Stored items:
++++++++++++++++++++
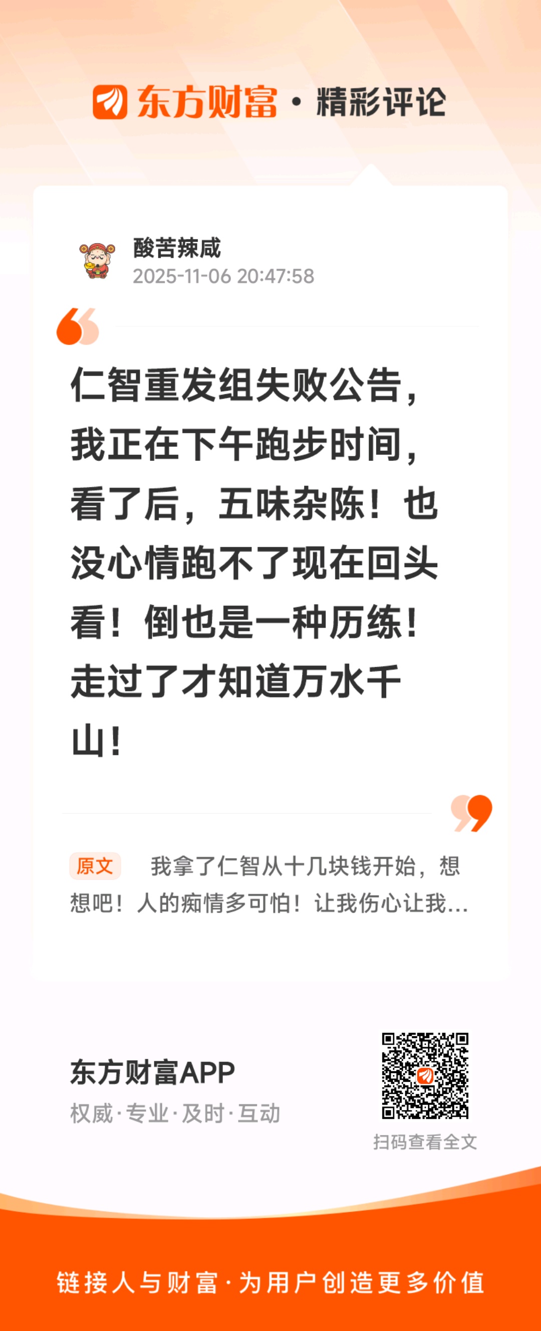 我拿了仁智从十几块钱开始,想想吧!人的痴情多可怕!让我伤心让我忧!如果它能再次不让持有者失望,绝对是双向奔赴!爱有多深,伤有多痛!各位把握好自己的认知!要么天堂要么地狱!
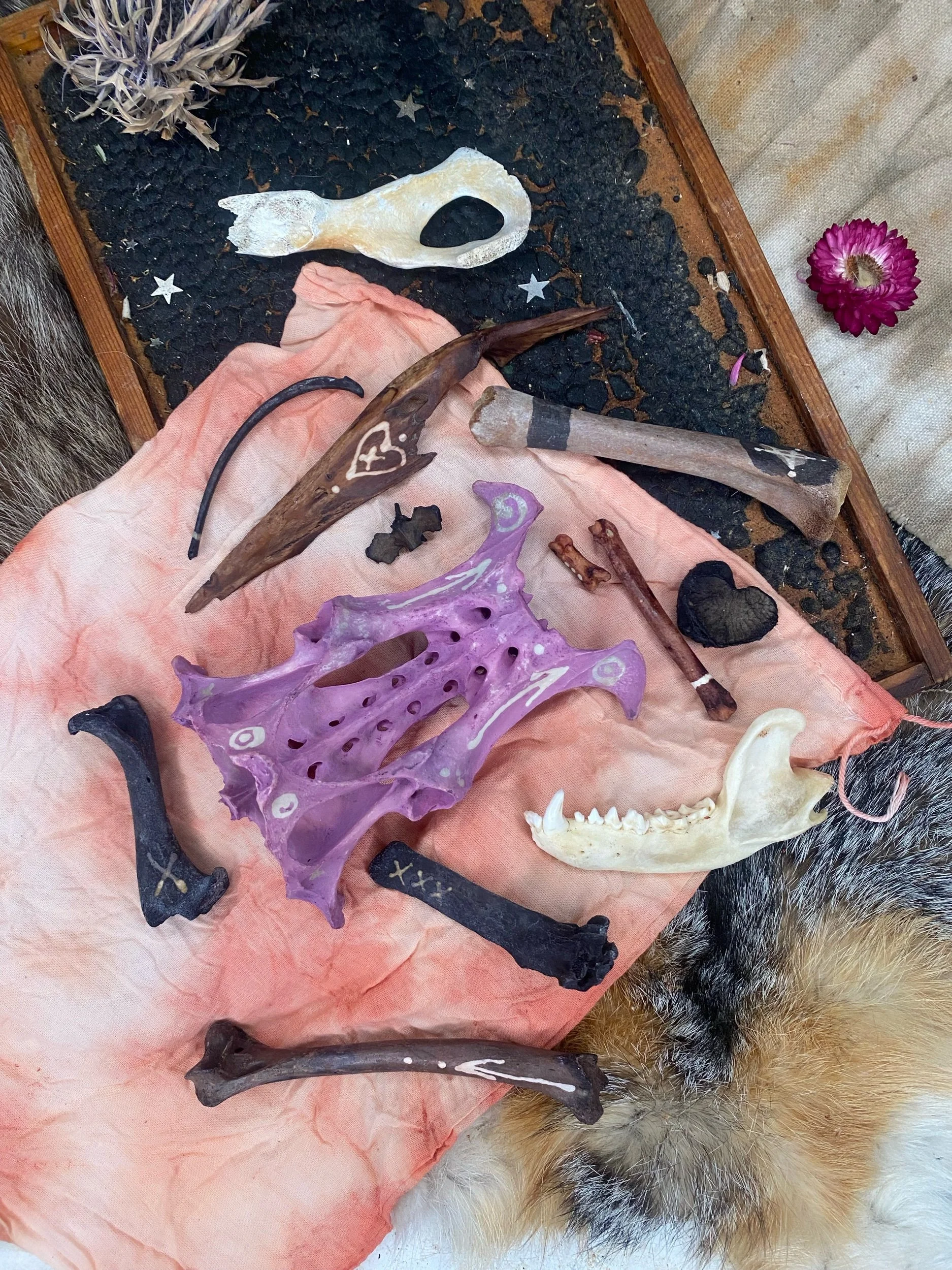 This is a set of 13 assorted bones dyes with symbols to help you distinguish between each bones during divination. There are different colors and bones from different animals.
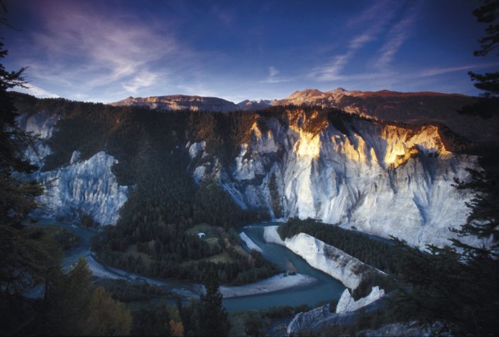 Un autre phénomène naturel non moins spectaculaire a été creusé par l’eau, il s’agit de la Ruinalta, gorges du Rhin, aussi appelé le « Grand Canyon Suisse ». On peut l’observer par le haut depuis le village de Flims ou alors la traverser à pied, à vélo, en train ou même lors d’une activité rafting.
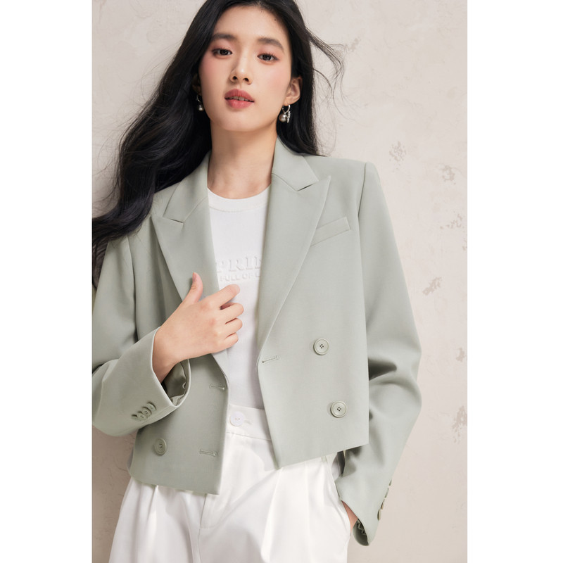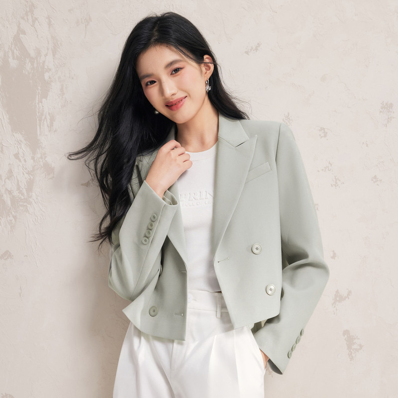 为您提供商品秋水伊人戗驳领短款 女2026春季 新款 小个子双排扣洋气百搭外套 西装的详细介绍,
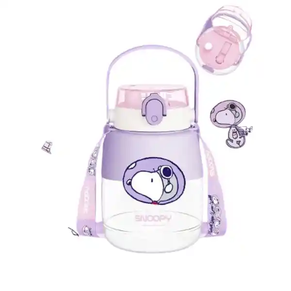Miniso Trae Para ti Esta Linda Botella de Plástico de 1300 mL Con Correa Seie Snoopy. Instrucciones de Uso: Abra el Producto y Antes Del Primer Uso Lave Con Jabón Neutro. Vierta la Bebida a Almacenar y Cierre. Precauciones y Advertencias: Temperatura Adecuada Para el Vaso: 0C - 50C. Diseñado Para Agua o Bebidas Frías. No lo Utilice Para Bebidas Calientes. No Apto Para Microondas Lavavajillas y Horno. No Esterilice Con Agua Hirviendo o Vapor Para Evitar Desfigurar la Botella. No lo Utilices Para Almacenar o Transportar Bebidas Carbonatadas Cerveza o Alimentos Que Contengan Más Del 13% de Alcohol. Producto de Plástico Manipular Con Cuidado. Mantener Alejado Del Fuego y Del Calor. Guardar en Lugar Fresco y Seco. Los Niños lo Deben Usar Bajo Supervisión de un Adulto. Evite Golpes.
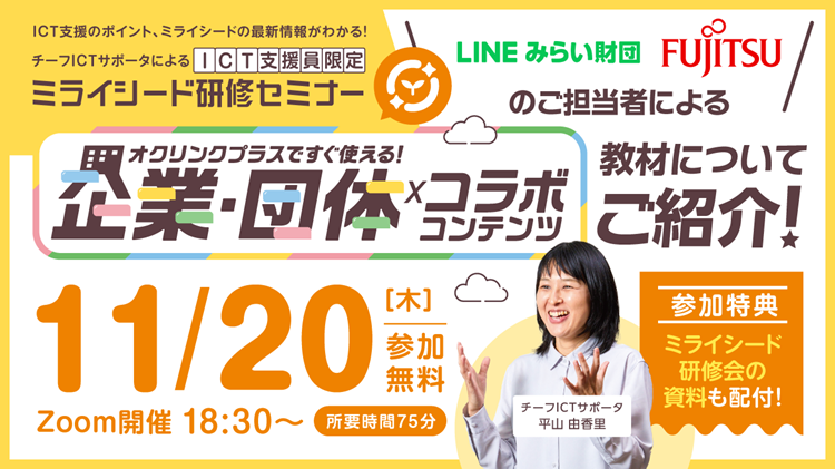 11月は「オクリンクプラスですぐ使える!企業団体コラボコンテンツ 教材についてご紹介! 」のテーマで開催いたします。
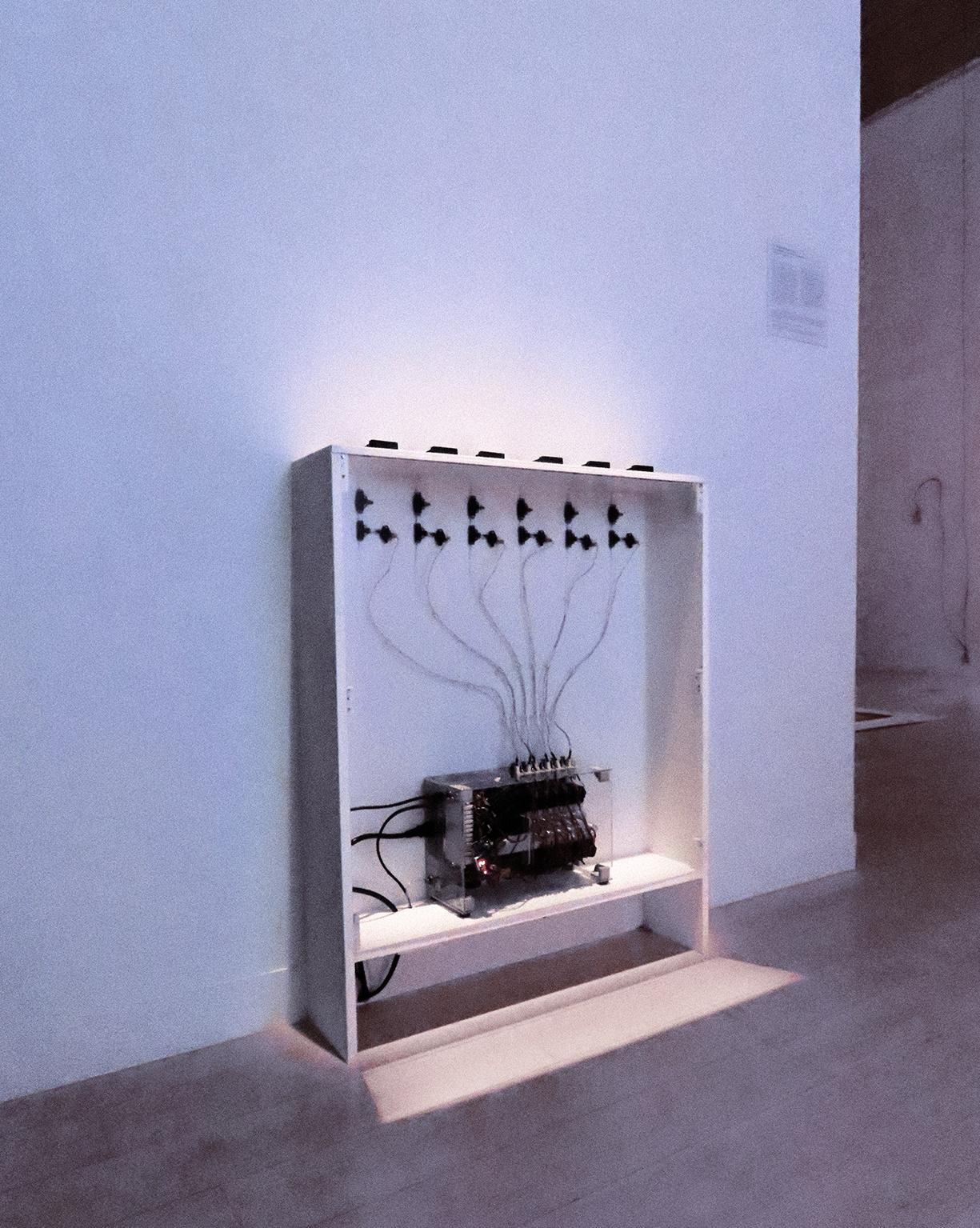 → A l'inverse d'une boite noire, les entrailles de la machine sont données à voir : capteurs, conduits, câbles, interrupteurs...
++++++++++++++++++++
> **WHAT THIS TASK INVOLVES**: Say again, exactly, only those lines of the records that run from the start through the line with "为您提供商品秋水伊人戗驳领短款 女2026春季 新款". Pictures are to be skipped.

> **RESULT BELOW**:
 我拿了仁智从十几块钱开始,想想吧!人的痴情多可怕!让我伤心让我忧!如果它能再次不让持有者失望,绝对是双向奔赴!爱有多深,伤有多痛!各位把握好自己的认知!要么天堂要么地狱!
 This is a set of 13 assorted bones dyes with symbols to help you distinguish between each bones during divination. There are different colors and bones from different animals.
 Un autre phénomène naturel non moins spectaculaire a été creusé par l’eau, il s’agit de la Ruinalta, gorges du Rhin, aussi appelé le « Grand Canyon Suisse ». On peut l’observer par le haut depuis le village de Flims ou alors la traverser à pied, à vélo, en train ou même lors d’une activité rafting.
 为您提供商品秋水伊人戗驳领短款 女2026春季 新款 小个子双排扣洋气百搭外套 西装的详细介绍,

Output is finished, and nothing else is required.